Один и одна - Маканин Владимир Семенович (книги серия книги читать бесплатно полностью .txt) 📗
– Р-ррромаша... птичка моя.
С ней, как, впрочем, и с другими женщинами и мужчинами отдела, Нинель Николаевна была в известных натянутых отношениях, а жаль – хотелось к ней подойти, поинтересоваться, как попугая можно достать, где и за какую цену. Впрочем, Игорь, я буду бояться, что птичка вылетит в фортку, они же гибнут на воле, это известно...
Казалось, исчез навсегда, однако по весне Геннадий Павлович, возвращаясь как-то с работы, вновь увидел своего кота, выскочившего из подвала дома, что напротив. (Глаза у Вовы изжелта-янтарные. Теперь это могучий красавец кот с броскими мужскими достоинствами.) Там, на солнечной стороне дома, на молодой весенней траве сидели кошки, выгибали спины коты. Вова полинял, но был крепок, глаза его горели неукротимо.
– Вова, – позвал Геннадий Павлович.
И черный кот с белым галстушком оглянулся – а-а, это ты, хозяин, нет, нет, нет, сейчас мне некогда: весна!..
В молодости Геннадий Павлович дал какому-то негодяю по физиономии, что также вошло в легенды тех лет, – он сделал это достойно, притом нимало не думая о возможных неприятных последствиях. Сейчас суть случившегося почти забылась, означая тем самым, конечно, не его забывчивость, а просто избыток таких или иных событий и поступков – известную наполненность той поры. Тем более в отношении интеллектуальных отступников он держался на высоте, и ведь это было, было, я умел это, Игорь, и почему же я так сник после, почему сник и поверил, что произносимые мной высокие слова – это только говорливость. А ведь слова – это слова! даже если их осмеивают и стараются принизить, это слова! – (весна действует) – Геннадий Павлович начинает восклицать, глаза его горят и делаются неукротимыми, как у Вовы. Но лишь на миг.

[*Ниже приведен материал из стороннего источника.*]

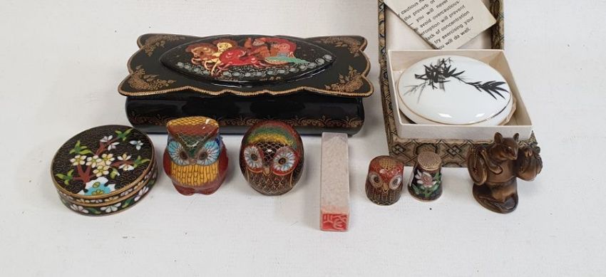Russian paper box featuring St Nicholas in sleigh, bearing cyrillic script and further Asian items to include modern cloisonne, etc (1 tray)

Есть в детстве плоский овражек, и в овражке – неторопливая речушка-ручей, с красноватыми, ржавыми валунами, полуспрятанными под водой. И телега, запряженная парой, которой правила женщина, так и не оглянувшаяся. Пересекая речку, женщина раз и другой хлестнула лошадей перед подъемом – лошади наподдали и дружно, не теряя скорости, а даже и наращивая, лихо вынесли на пригорок. Затем лошади и телега, и с ними женщина, державшая в левой вожжи, а в правой короткий кнут, скрылись из вида. А когда пыль рассеялась, я увидел, что в речушке лежит мужчина. Он и раньше там лежал, но я его не видел.

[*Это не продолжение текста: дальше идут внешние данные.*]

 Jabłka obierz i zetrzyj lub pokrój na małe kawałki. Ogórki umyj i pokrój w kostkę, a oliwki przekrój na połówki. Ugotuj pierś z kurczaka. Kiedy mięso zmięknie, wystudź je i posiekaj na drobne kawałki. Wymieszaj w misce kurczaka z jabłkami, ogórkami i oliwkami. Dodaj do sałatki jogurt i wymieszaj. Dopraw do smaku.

Побитый в драке, он почему-то ушел далеко, переходил речку, упал и ударился затылком о гладкие красноватые камни; он так и остался лежать в воде, раскинув ноги в хромовых, тонкой кожи сапогах. Когда я, городской мальчик семи лет, подошел ближе, он постанывал, просил пить. Он лежал затылком в воде, лицо было наружу, так что вода обтекала его лицо с двух сторон, несильно и негромко журча. Вероятно, через боль и смутное сознание он ток воды слышал и, лежа в речке, просил: «Пить... Пить... Пить...» – я (помню) подошел ближе.
Мое детство навязчиво, но ведь навязчиво и все другое. (Однажды, вдруг посуровев, Нина ответила мне, что есть только юность и что ей согласиться с чьим-либо детством – значит себя уступить или приуменьшить.)

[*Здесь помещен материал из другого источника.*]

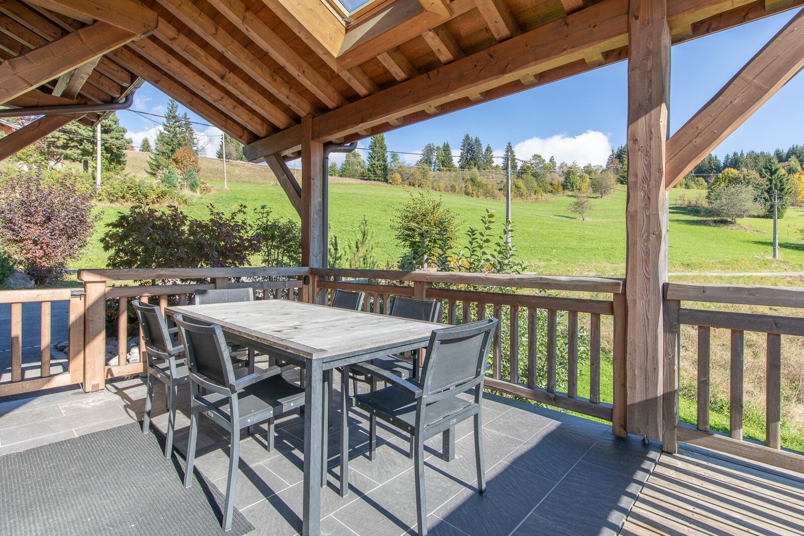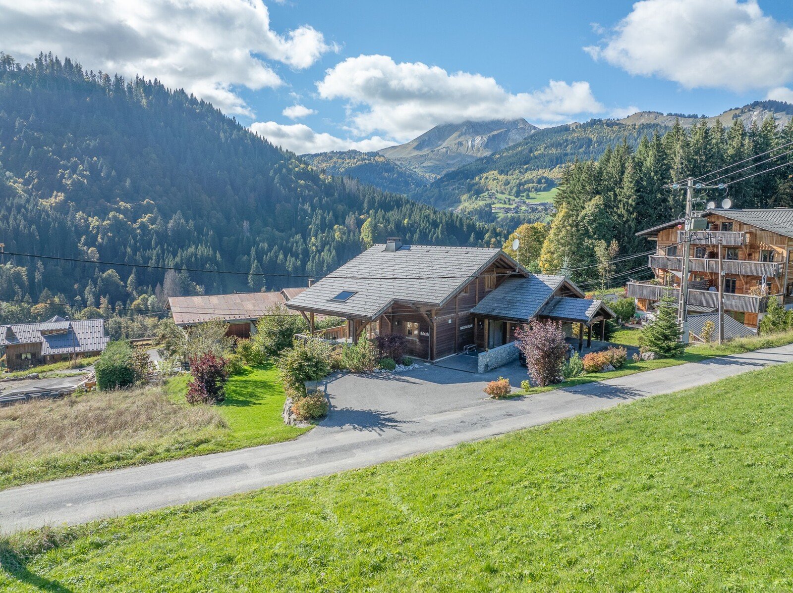 Outside, a driveway provides access to the chalet for several cars, as well as a covered parking area.

Не поступаясь детством, не предлагая его в обмен, я все же жалею, что у меня не было юности.
Был некто Л. среди однокурсников Геннадия Павловича; как и многие вокруг, Л. тоже был опрокинут в юность, однако в юность не боевую, не воинственную и не реформаторскую, а в юность как бы весьма старомодную и, в сущности, сводящуюся к любви. Настя или, может быть, Надя, пламенная, студенческая любовь Л., на третьем, что ли, курсе заболела, учиться не смогла и уехала, вернулась к себе в провинцию, где и умерла. А Л. остался. Этот Л. продолжал говорить о ней и, бесконечно рассуждающий о любви к умершей, о нетленной ее памяти, казался в те времена карикатурой. «Мы не всё понимали тогда, – рассказывал Геннадий Павлович. – Огромность смерти казалась особенно неуместной».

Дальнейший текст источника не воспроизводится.